▸ **Information**:
□ □ □ □

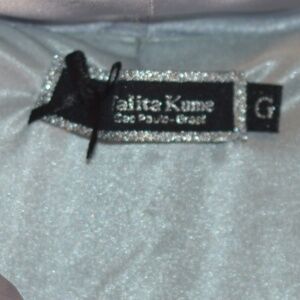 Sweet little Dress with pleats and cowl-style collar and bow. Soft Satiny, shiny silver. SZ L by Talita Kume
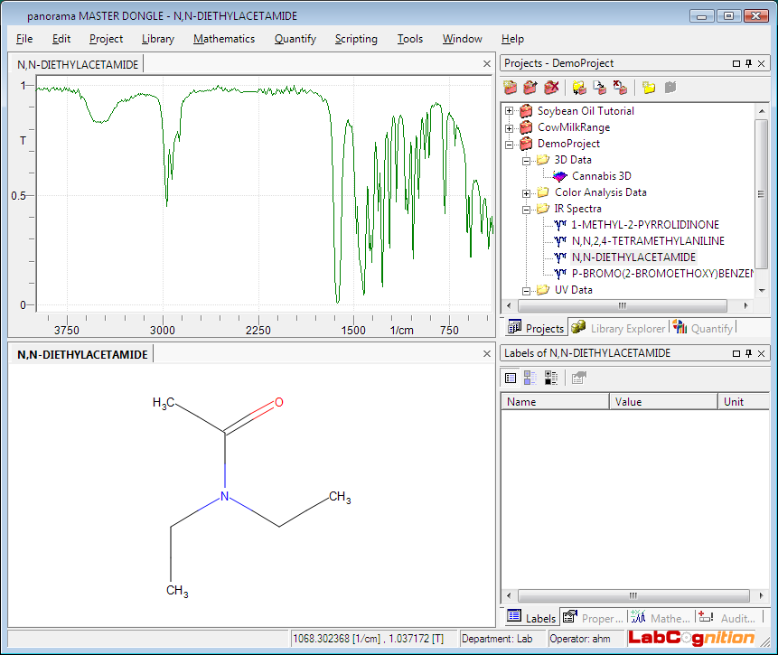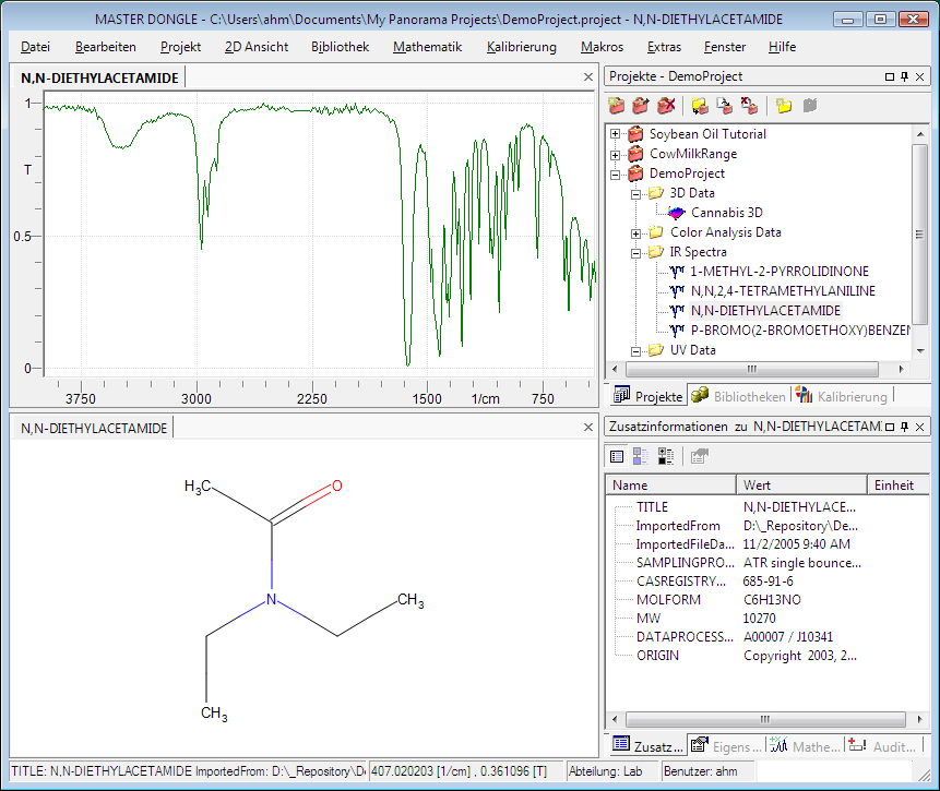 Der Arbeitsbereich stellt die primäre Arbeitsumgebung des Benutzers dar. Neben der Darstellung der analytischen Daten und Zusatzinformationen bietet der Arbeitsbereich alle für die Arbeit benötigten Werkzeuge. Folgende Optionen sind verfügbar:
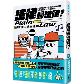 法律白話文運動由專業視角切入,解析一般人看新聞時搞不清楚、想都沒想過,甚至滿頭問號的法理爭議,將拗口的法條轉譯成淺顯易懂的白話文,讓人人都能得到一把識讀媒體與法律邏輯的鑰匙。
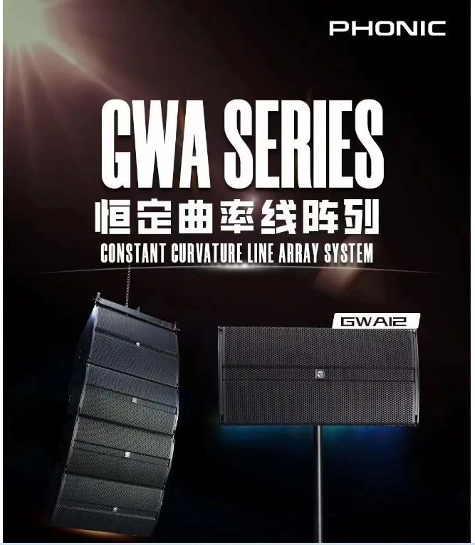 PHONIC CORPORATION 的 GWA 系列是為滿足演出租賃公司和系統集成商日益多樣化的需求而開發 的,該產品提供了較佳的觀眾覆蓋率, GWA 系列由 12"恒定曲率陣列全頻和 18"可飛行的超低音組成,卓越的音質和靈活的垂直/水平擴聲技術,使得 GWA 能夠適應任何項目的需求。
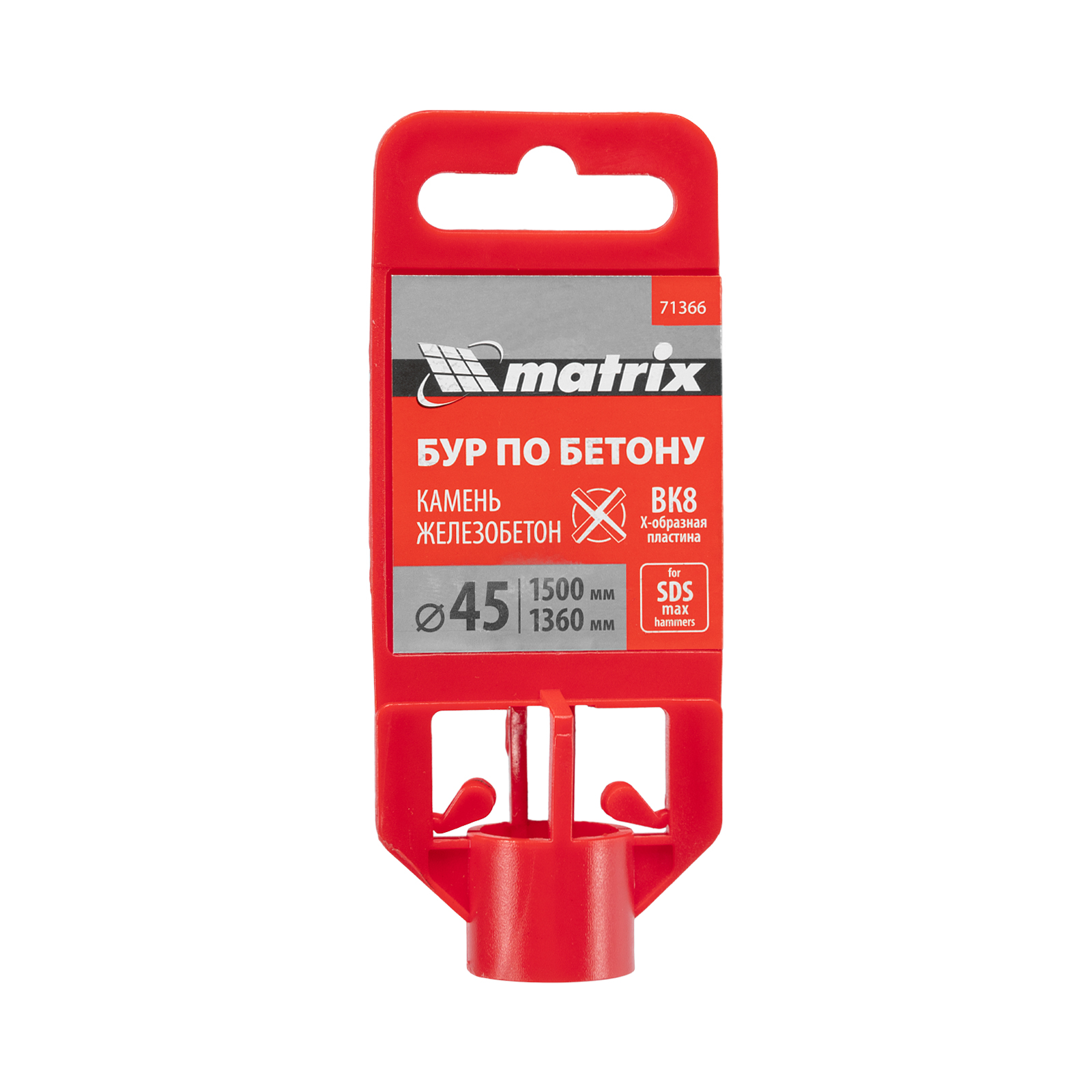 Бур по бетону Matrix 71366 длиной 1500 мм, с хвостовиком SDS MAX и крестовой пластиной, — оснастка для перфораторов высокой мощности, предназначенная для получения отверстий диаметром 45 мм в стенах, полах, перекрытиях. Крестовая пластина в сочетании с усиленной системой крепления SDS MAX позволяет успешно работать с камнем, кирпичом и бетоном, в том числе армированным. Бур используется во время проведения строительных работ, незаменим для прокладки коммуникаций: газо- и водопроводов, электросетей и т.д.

□ □ □ □

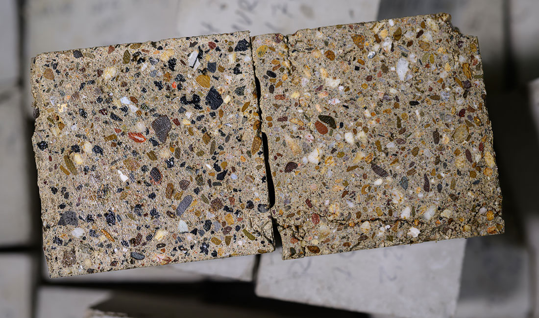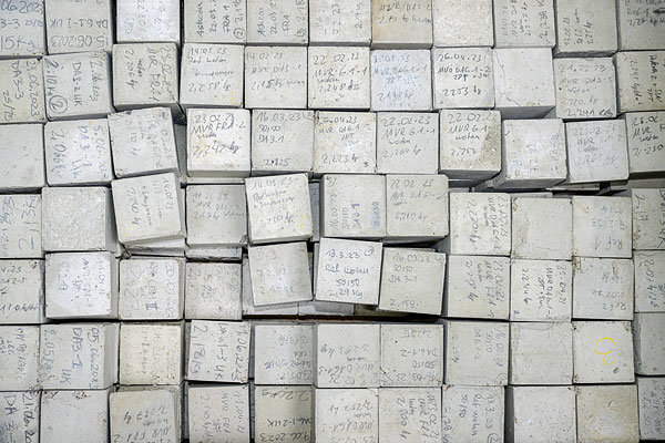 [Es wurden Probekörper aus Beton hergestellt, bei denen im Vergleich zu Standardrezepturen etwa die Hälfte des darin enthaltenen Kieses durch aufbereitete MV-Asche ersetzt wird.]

□ □ □ □

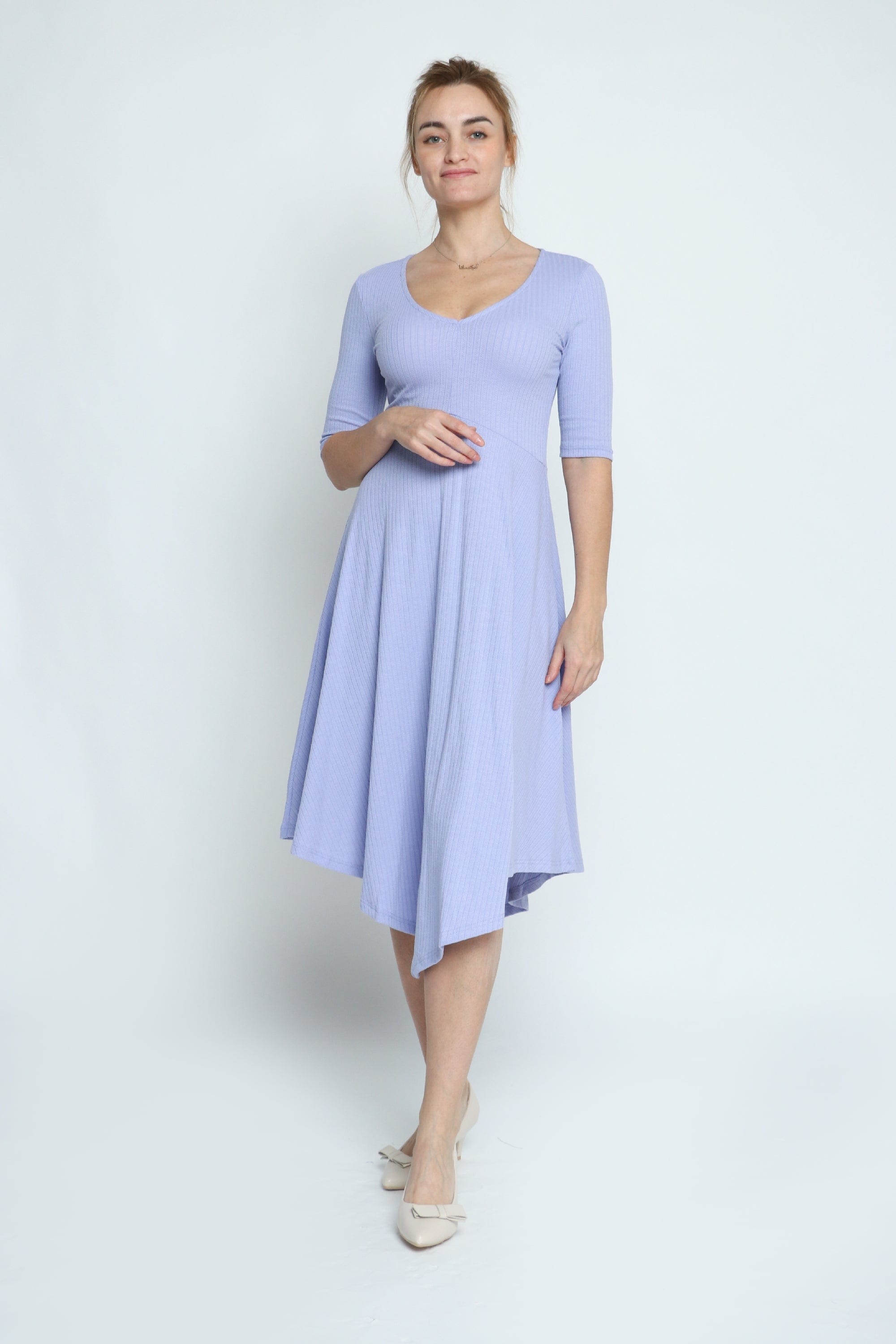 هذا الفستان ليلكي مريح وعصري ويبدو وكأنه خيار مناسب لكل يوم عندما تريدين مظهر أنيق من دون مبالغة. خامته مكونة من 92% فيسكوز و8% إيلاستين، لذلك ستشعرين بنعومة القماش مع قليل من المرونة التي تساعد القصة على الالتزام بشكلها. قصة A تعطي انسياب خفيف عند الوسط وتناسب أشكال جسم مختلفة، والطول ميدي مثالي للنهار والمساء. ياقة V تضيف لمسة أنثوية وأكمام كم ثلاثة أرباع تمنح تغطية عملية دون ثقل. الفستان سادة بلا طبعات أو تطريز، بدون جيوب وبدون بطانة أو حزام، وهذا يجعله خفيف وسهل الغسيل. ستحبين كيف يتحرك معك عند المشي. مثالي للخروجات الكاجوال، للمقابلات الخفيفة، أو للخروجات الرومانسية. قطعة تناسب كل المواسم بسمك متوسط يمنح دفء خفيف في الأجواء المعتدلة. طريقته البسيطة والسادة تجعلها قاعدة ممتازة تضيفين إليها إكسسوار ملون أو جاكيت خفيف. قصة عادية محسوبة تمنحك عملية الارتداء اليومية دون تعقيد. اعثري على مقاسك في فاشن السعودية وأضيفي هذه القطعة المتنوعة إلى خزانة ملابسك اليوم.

□ □ □ □

▸ **Work task**:
Starting at the line containing "Sweet little Dress" and stopping at the line containing "Бур по бетону", output each line exactly as it appears above. Leave out the pictures.

▸ **Answer to this exercise**:
 Sweet little Dress with pleats and cowl-style collar and bow. Soft Satiny, shiny silver. SZ L by Talita Kume
 Der Arbeitsbereich stellt die primäre Arbeitsumgebung des Benutzers dar. Neben der Darstellung der analytischen Daten und Zusatzinformationen bietet der Arbeitsbereich alle für die Arbeit benötigten Werkzeuge. Folgende Optionen sind verfügbar:
 法律白話文運動由專業視角切入,解析一般人看新聞時搞不清楚、想都沒想過,甚至滿頭問號的法理爭議,將拗口的法條轉譯成淺顯易懂的白話文,讓人人都能得到一把識讀媒體與法律邏輯的鑰匙。
 PHONIC CORPORATION 的 GWA 系列是為滿足演出租賃公司和系統集成商日益多樣化的需求而開發 的,該產品提供了較佳的觀眾覆蓋率, GWA 系列由 12"恒定曲率陣列全頻和 18"可飛行的超低音組成,卓越的音質和靈活的垂直/水平擴聲技術,使得 GWA 能夠適應任何項目的需求。
 Бур по бетону Matrix 71366 длиной 1500 мм, с хвостовиком SDS MAX и крестовой пластиной, — оснастка для перфораторов высокой мощности, предназначенная для получения отверстий диаметром 45 мм в стенах, полах, перекрытиях. Крестовая пластина в сочетании с усиленной системой крепления SDS MAX позволяет успешно работать с камнем, кирпичом и бетоном, в том числе армированным. Бур используется во время проведения строительных работ, незаменим для прокладки коммуникаций: газо- и водопроводов, электросетей и т.д.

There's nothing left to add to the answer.